Data provided »
======
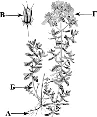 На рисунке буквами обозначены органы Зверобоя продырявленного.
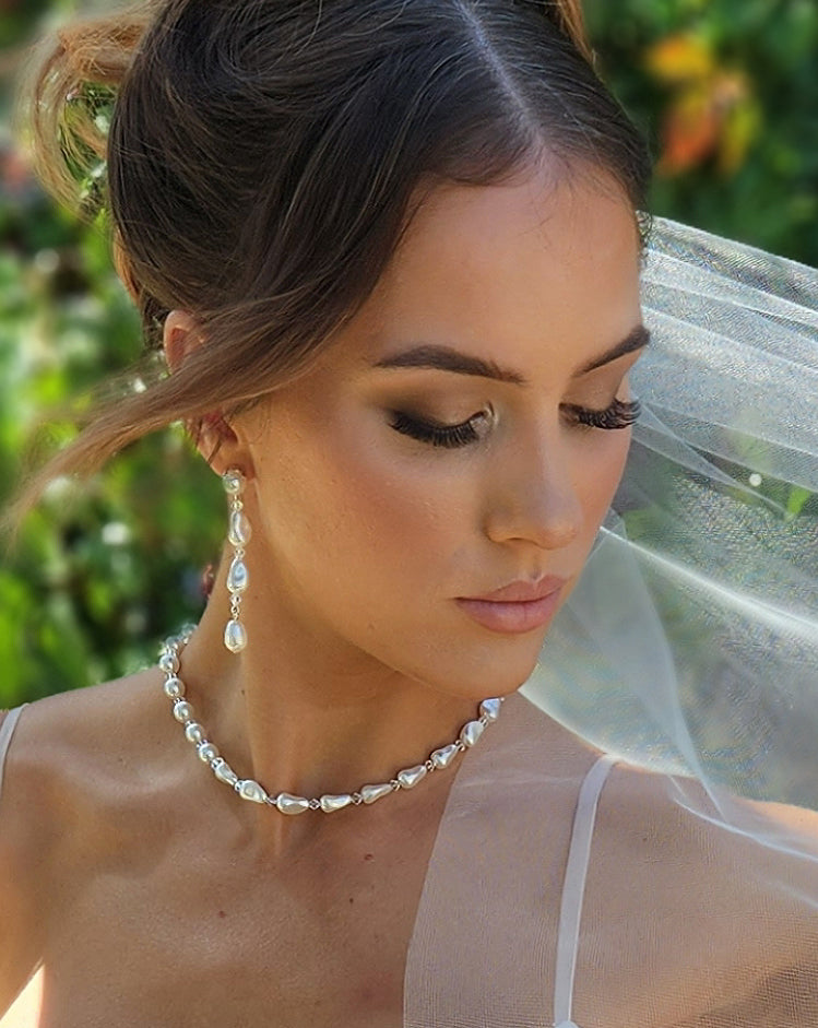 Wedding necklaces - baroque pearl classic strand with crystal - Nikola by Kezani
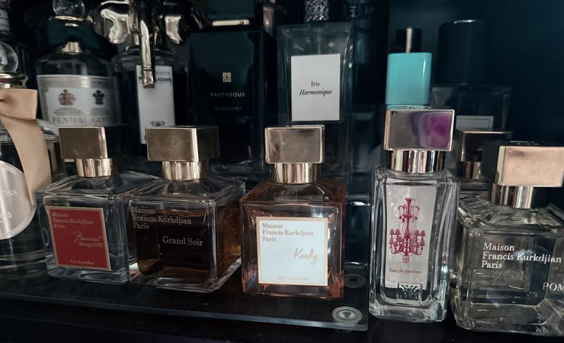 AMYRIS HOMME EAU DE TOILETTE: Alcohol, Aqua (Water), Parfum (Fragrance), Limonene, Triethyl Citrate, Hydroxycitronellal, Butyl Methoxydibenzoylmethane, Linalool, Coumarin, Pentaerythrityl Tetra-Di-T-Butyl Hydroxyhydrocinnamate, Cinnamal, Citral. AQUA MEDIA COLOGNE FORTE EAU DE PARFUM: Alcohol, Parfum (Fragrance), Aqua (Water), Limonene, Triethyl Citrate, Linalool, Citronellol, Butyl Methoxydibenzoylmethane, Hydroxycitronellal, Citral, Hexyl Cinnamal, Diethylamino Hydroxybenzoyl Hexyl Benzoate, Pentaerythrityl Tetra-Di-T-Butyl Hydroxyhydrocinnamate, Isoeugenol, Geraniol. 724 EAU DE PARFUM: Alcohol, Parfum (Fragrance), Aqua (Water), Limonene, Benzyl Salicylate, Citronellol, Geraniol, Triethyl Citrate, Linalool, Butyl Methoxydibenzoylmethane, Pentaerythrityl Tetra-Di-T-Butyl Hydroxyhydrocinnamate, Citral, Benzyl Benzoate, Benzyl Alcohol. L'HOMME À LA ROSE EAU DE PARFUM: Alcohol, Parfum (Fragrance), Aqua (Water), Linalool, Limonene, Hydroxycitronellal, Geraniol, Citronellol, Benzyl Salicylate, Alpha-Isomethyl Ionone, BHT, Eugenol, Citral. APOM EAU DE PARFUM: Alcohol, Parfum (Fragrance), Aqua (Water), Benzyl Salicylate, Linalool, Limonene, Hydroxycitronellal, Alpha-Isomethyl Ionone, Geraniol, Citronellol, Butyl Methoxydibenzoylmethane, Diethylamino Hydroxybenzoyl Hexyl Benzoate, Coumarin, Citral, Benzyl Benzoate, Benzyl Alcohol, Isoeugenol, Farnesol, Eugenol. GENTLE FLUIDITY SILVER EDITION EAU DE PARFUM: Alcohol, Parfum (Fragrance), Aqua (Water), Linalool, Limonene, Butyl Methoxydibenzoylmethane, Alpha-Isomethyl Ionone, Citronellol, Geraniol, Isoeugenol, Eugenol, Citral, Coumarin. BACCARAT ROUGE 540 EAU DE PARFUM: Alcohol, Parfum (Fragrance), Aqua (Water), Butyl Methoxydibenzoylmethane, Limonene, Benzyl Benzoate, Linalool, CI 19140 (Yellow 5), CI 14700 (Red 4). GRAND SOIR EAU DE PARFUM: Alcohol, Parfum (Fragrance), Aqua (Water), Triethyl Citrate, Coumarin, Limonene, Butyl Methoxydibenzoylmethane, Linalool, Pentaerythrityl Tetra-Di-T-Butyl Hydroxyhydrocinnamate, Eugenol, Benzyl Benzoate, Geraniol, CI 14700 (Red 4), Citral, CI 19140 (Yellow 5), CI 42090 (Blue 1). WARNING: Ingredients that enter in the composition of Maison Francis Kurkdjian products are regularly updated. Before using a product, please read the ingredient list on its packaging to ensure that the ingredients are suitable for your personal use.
======
Work request » Beginning at the first line of the listing, print each line exactly until and including the one that has "Wedding necklaces - baroque"; skip pictures.

Reply to the exercise »
 На рисунке буквами обозначены органы Зверобоя продырявленного.
 Wedding necklaces - baroque pearl classic strand with crystal - Nikola by Kezani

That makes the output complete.